Brian Thacker, director of public works, said the department hopes the transfer center can be up and running by January.

After more than a year of study and discussion, the Amherst County Board of Supervisors in January 2020 voted 4-1, with member David Pugh opposed, to approve a contract with Rocky Mount-based Price Building, Inc. to build the 8,000-square-foot facility estimated at $2.2 million. Once the center is in operation, the landfill is slated to close.

The board opted for the transfer station, rather than expanding a new cell at the landfill, in a measure officials have said would lead to cost savings in the long run.

The landfill’s current active cell is nearing its airspace capacity and is at the maximum height, Thacker said.

“We have to some do something,” Thacker said. “The county [board] made a determination it would be cheaper to truck it out of here than bury it.”

The transfer center will have a dumping floor that Thacker said would allow residents and commercial customers to dump trash. The department will truck the solid waste to another landfill in another locality that hasn’t yet been determined, according to Thacker.

The county several years ago borrowed $4 million for the landfill expansion and is using some of that for other solid waste projects, Thacker said.

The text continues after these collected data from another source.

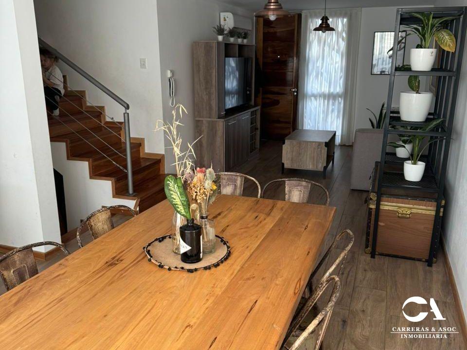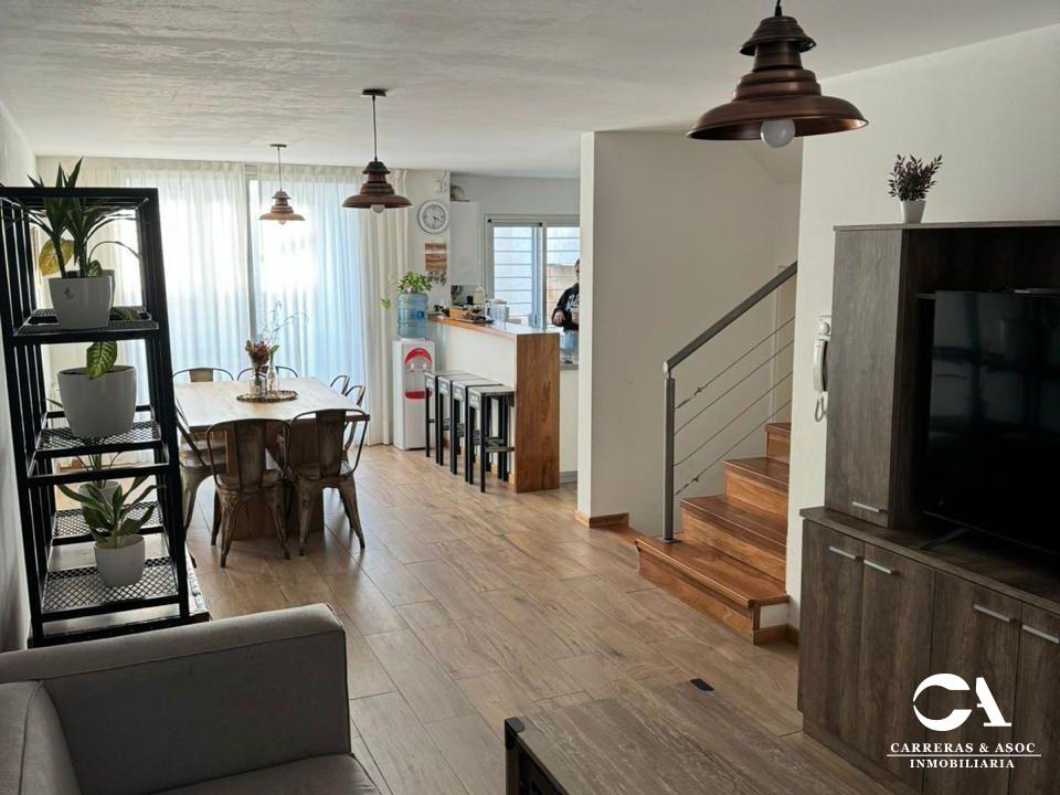 PLANTA BAJA: LIVING COMEDOR INTEGRADOS, COCINA CON BARRA DESAYUNADORA, TOILETTE COMPLETO, LUGAR DE GUARDADO BAJO ESCALERA. PATIO CON CESPED SINTÉTICO DE ALTA RESISTENCIA Y ASADOR. COCHERA PARA UN VEHICULO.
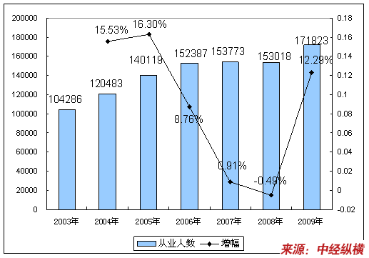 行业 从业人员从2003年的10.43万人增至2009年的17.18万人,增幅为64.76%,年平均增长速度为10.79%,快于企业数量增长。2004、2005年从业人数增幅分别为15.53%、16.30%,自2006年起 行业 从业人数增速逐渐下降,2008年受金融危机影响,多数企业减产裁员, 行业 从业人数较2007年减少了0.49%,2009年经济的逐渐好转使得 行业 就业机会增多,从业人数继续快速增长。
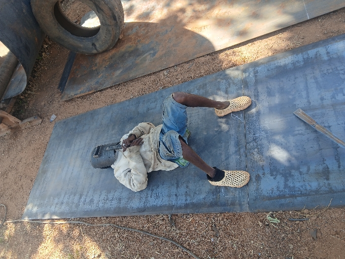 An overhead image in Unguwar Saya, Nigeria, shows a single individual lying supine on a large, dark metal sheet. The person wears a light-colored long-sleeved shirt, blue shorts, dark socks, and light-colored woven clogs. A dark welding mask covers their face, and gloved hands are clasped over a welding torch positioned on their chest. The metal sheet displays chalk markings and areas of rust. To the right of the primary sheet, additional rusted metal plates and a discarded black tire are visible. The surrounding ground is reddish-brown and appears dusty. Welding equipment cables extend out of the frame from the upper left. A metallic bar rests on the metal sheet near the individual's feet.

County officials have said the transfer center method of solid waste disposal carries less of a liability than burying it in a landfill.

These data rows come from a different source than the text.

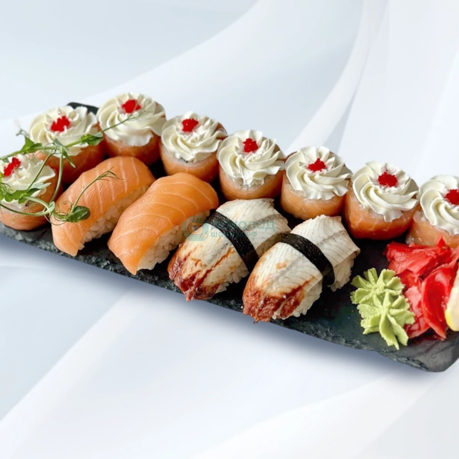 Первый, Новый люксовый сет с суши. Состав: Большой Вип ролл с лососем, 2 суши с лососем и 2 суши с угрем. Оцените вкус этой новинки.
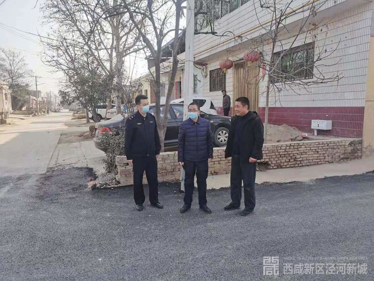 泾河新城城管交通局分管副局长尚北平带领交通运输科、泾河城服公司对看守所门前道路、大庄村路面施工完成情况进行检查。
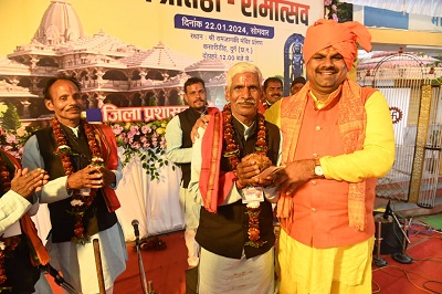 दुर्ग 22 जनवरी 2024/ अयोध्या में श्री रामलला के प्राण प्रतिष्ठा के अवसर पर पूरा दुर्ग नगर भक्ति के रंग में रंग गया है। इस शुभ अवसर पर जिला प्रशासन द्वारा कसारीडीह स्थित श्री रामजानकी मंदिर प्रांगण में श्री राम चरित मानस गायन का जिला स्तरीय आयोजन किया गया। विधायक दुर्ग शहर श्री गजेन्द्र यादव, संभागायुक्त श्री एस. एन. राठौर आईजी श्री बद्रीनारायण मीणा, कलेक्टर सुश्री ऋचा प्रकाश चौधरी और एसएसपी श्री आर. जी. गर्ग सहित अन्य अधिकारी और नगरवासी मानस गायन का श्रवण किये। आयोजन में आनंद धारा मानस मंडली मालूद, सांई मानस परिवार अण्डा, उपासना मानस मंडली करेला, रघुनाथ मानस मंडली परसाही और जय मानस मंडली दारगांव धमधा नें राम चरित मानस का सूमधुर भक्तिमय प्रस्तुती दिये। अधिकारियों नें मानस मंडलियों को प्रस्तुती उपरांत स-सम्मान विदाई दिये। विधायक श्री यादव एवं अधिकारियों नें श्री रामजानकी मंदिर में पूजा अर्चना कर आस्था के दिप प्रज्वलित किये। इस अवसर पर मंदिर परिसर में नगर वासियों नें 5100 दिप प्रज्वलित कर मंदिर को रोशनी से जगमग किये। विधायक श्री यादव नें अपने संक्षिप्त उद्बोधन में अयोध्या में श्री रामलला प्राण प्रतिष्ठा को सभी सनातनियों के लिए गौरवान्वित होने की बात कही। उन्होंने आज के दिन को एतिहासिक दिन निरूपित करते हुए, लोगों को श्री रामचन्द्र जी के व्यक्तित्व को आत्मसात कर जीवन को उज्वल बनाने का आह्वान किया। इस अवसर पर स्थानीय जनप्रतिनिधि, जिला प्रशासन के वरिष्ठ अधिकारियों और नगरवासी बड़ी संख्या में उपस्थित थे।
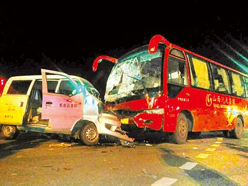 本報(bào)訊 7月10日22時(shí)20分左右,在忻州城區(qū)慕山橋北端的十字路口,一輛城際客運(yùn)汽車與一輛面包車相撞,客運(yùn)汽車前擋風(fēng)玻璃粉碎毀損,面包車前部嚴(yán)重變形,面包車上的傷者被隨后趕到的救護(hù)車送往醫(yī)院搶救,交警接警后也在第一時(shí)間趕赴現(xiàn)場調(diào)查事故原因、處理毀損車輛。
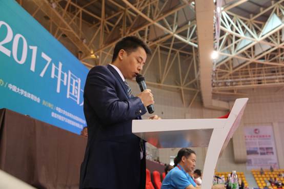 郭军在致辞中说,开展体育运动、增强师生体质是KY.COM的优良传统。学校在2014年第十届省大运会武术比赛中获2金9银6铜,团体冠军;在2015年省大学生武术比赛中获12金10银8铜,团体冠军;在2016年省大中学生武术比赛中获10金9银2铜,团体冠军;在2016年湖南省首届校园武术段位比赛中获团体冠军。本次比赛由KY.COM承办,既是对学校体育工作和武术运动水平的认可,也为KY.COM提供了极好的学习机会和交流平台。他希望各代表团之间、各参赛学校之间成功架起交流情感、传递友谊的坚实桥梁,继续为推进包括武术在内的体育文化繁荣发展贡献力量。
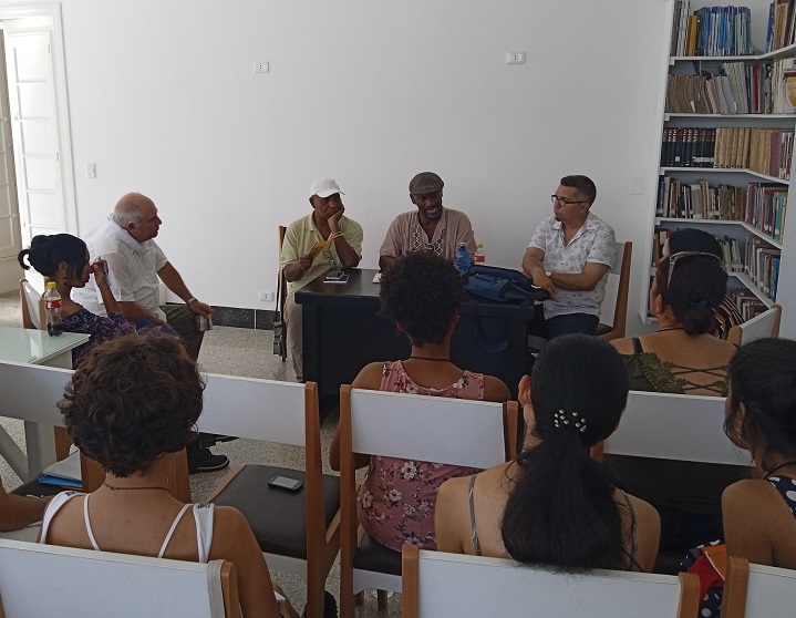 Asimismo, la charla Poesía y experimentación, impartida por Rito Ramón Aroche, con el acompañamiento de Julio Mitjant y Yosvel Hernández, contó con la presencia del ministro de Cultura, Alpidio Alonso, quien exhortó a retomar en todas las provincias el Encuentro de Debate de Talleres Literarios, en sus niveles municipal y provincial, pues a partir de este momento volverá el certamen a escala nacional.
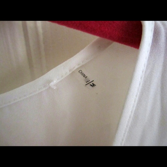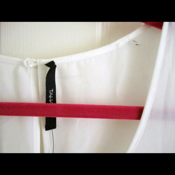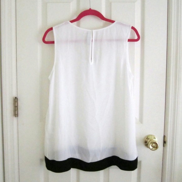 Tahari top with black hem. Button closure on back. This is new but one end of the label is unattached somehow. You can see it in the pictures above.
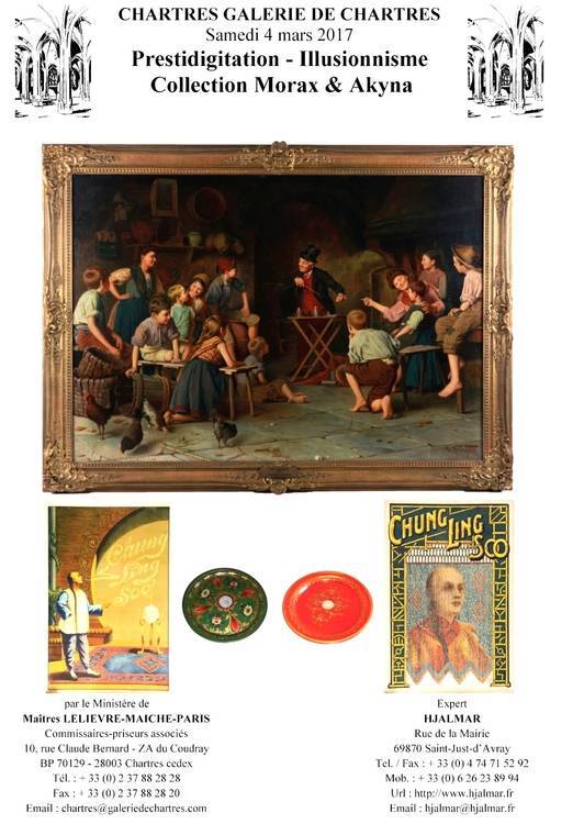 Vente aux enchères Magie Prestidigitation le samedi 4 mars 2017 à la Galerie de Chartres. Tous les lots proviennent de la collection de Didier Moreau alias « Morax » et de Christine Treiber alias « AKYNA » Didier Morax a collectionné pendant plus de 40 années. Sa passion l’a amené à devenir l’ami de Christian Fechner pendant plus de 30 années, et à s’occuper de sa collection privée les 12 dernières années de sa vie. Un catalogue spécial va être édité mais en attendant voici une liste rapide de ce que vous pourrez trouver lors e cette vente aux enchères. Vous pourrez acquérir des livres et Périodiques anciens sur la Prestidigitation et les Récréations Mathématiques et Physiques,des appareils Anciens de Physique Amusante et de Prestidigitation, en vernis Martin, laiton, laiton nickelé, métal chromé. Il y aura aussi des Jouets Mécaniques (Triksie Magician dog ; Fox the Magician ; Bunny the Magician ; Mr Fox the Magician with the magical disappearing rabbit ; Bobo the Magician ; Clown the Magician ; Petit Magicien. La plupart sont dans leur boite d’origine.) des affiches et posters de magiciens prestidigitateurs, des Documents divers sur l’Illusionnisme (Catalogues, Photos, Cartes postales, Ephemera & Memorabilia) En savoir plus sur http://www.virtualmagie.com/event/vente-de-magie-prestidigitation-28/#LIdxkMV7pKhzRfiA.991 point
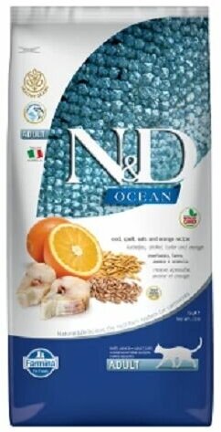 Сухой корм Farmina N&D Ocean Godfish&Orange Adult, для взрослых кошек, низкозерновой, треска, спельта, овес и апельсин, 5 кг
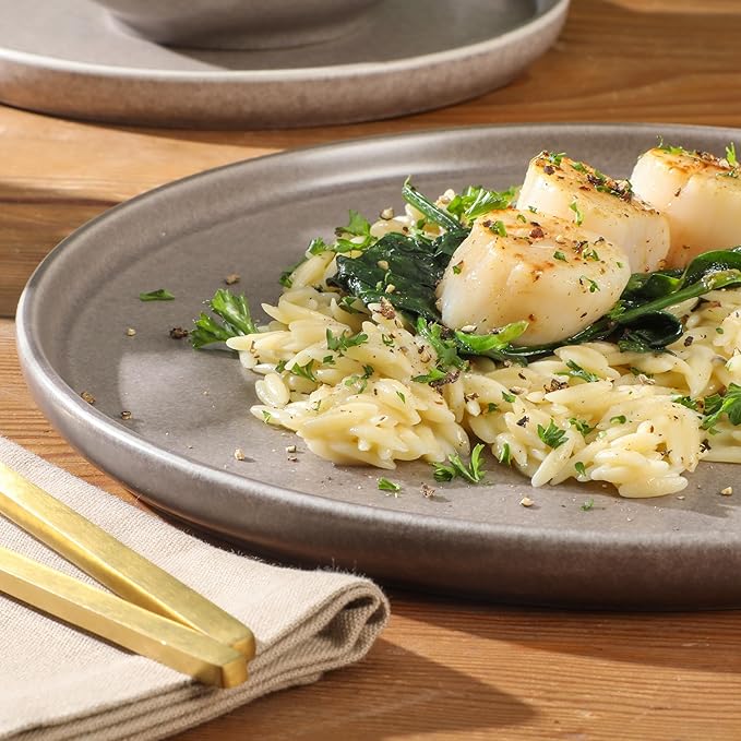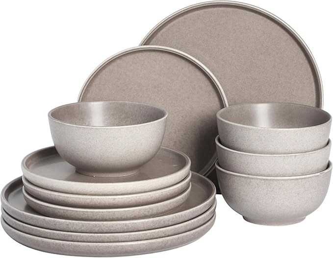 Gibson Elite 12 Piece (Service for 4) Eden Rock Plates and Bowls Reactive Glaze Round Dishes Stoneware Ceramic Dinnerware Set - Grey

“It’s always a liability because we have to monitor it,” Thacker said. “Even when we close a landfill we are required for 30 years to monitor it.”

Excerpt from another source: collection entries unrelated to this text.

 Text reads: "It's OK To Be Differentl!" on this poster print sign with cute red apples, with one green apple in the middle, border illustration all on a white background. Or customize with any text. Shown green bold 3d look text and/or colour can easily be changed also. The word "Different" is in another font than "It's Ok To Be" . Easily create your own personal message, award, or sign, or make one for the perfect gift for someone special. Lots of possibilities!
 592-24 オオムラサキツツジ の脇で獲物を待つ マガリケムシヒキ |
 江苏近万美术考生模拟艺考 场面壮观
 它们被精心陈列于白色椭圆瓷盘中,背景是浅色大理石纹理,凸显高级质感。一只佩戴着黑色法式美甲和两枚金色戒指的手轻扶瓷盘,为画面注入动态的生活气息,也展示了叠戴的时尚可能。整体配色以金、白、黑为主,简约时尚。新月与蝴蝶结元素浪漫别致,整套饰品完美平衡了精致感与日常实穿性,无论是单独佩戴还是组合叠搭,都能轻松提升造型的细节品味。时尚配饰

The county is monitoring a former landfill in northern Amherst County that closed 25 years ago, he said.

“And as the [Department of Environmental Quality] restrictions get tighter and tighter, they look for more things and so the county is always on the hook for that,” Thacker said, adding of the transfer center: “It mitigates [liability] somewhat. It’s far less than with a landfill …Having it trucked off by [vehicles] will be easy and less liability.”

The county also has the ability to reopen the current landfill, a property exceeding 200 acres, if necessary in future years, Thacker said.